Only one stretch of the data below should be repeated: the lines from the line containing "सोनीपत। मॉडल टाउन" through the line containing "राशन नहीं देने", inclusive, exactly as they are.

*Task input*.
+ + + +

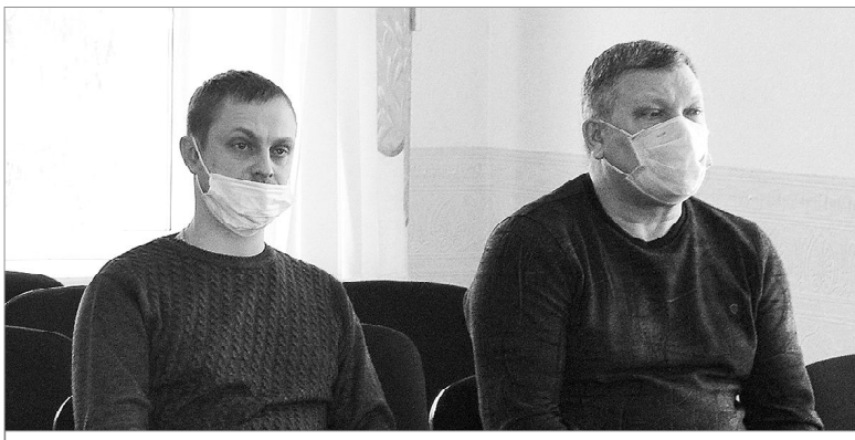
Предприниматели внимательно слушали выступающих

+ + + +

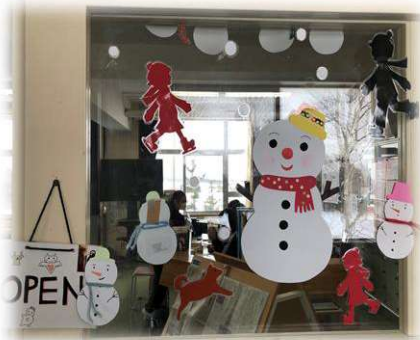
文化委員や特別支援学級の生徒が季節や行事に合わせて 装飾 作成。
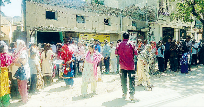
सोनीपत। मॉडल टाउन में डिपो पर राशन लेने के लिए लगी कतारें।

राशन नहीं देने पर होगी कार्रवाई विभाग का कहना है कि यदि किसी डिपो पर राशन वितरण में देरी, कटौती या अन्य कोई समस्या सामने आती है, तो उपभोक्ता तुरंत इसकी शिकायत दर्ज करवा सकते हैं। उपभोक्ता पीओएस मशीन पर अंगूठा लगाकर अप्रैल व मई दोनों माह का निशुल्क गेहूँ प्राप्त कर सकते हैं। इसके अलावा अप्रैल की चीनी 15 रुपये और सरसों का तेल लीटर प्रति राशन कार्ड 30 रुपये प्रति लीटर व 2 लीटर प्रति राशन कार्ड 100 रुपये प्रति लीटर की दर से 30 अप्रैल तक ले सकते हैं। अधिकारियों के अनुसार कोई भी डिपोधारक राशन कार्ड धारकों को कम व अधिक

+ + + +

*The answer*.
सोनीपत। मॉडल टाउन में डिपो पर राशन लेने के लिए लगी कतारें।

राशन नहीं देने पर होगी कार्रवाई विभाग का कहना है कि यदि किसी डिपो पर राशन वितरण में देरी, कटौती या अन्य कोई समस्या सामने आती है, तो उपभोक्ता तुरंत इसकी शिकायत दर्ज करवा सकते हैं। उपभोक्ता पीओएस मशीन पर अंगूठा लगाकर अप्रैल व मई दोनों माह का निशुल्क गेहूँ प्राप्त कर सकते हैं। इसके अलावा अप्रैल की चीनी 15 रुपये और सरसों का तेल लीटर प्रति राशन कार्ड 30 रुपये प्रति लीटर व 2 लीटर प्रति राशन कार्ड 100 रुपये प्रति लीटर की दर से 30 अप्रैल तक ले सकते हैं। अधिकारियों के अनुसार कोई भी डिपोधारक राशन कार्ड धारकों को कम व अधिक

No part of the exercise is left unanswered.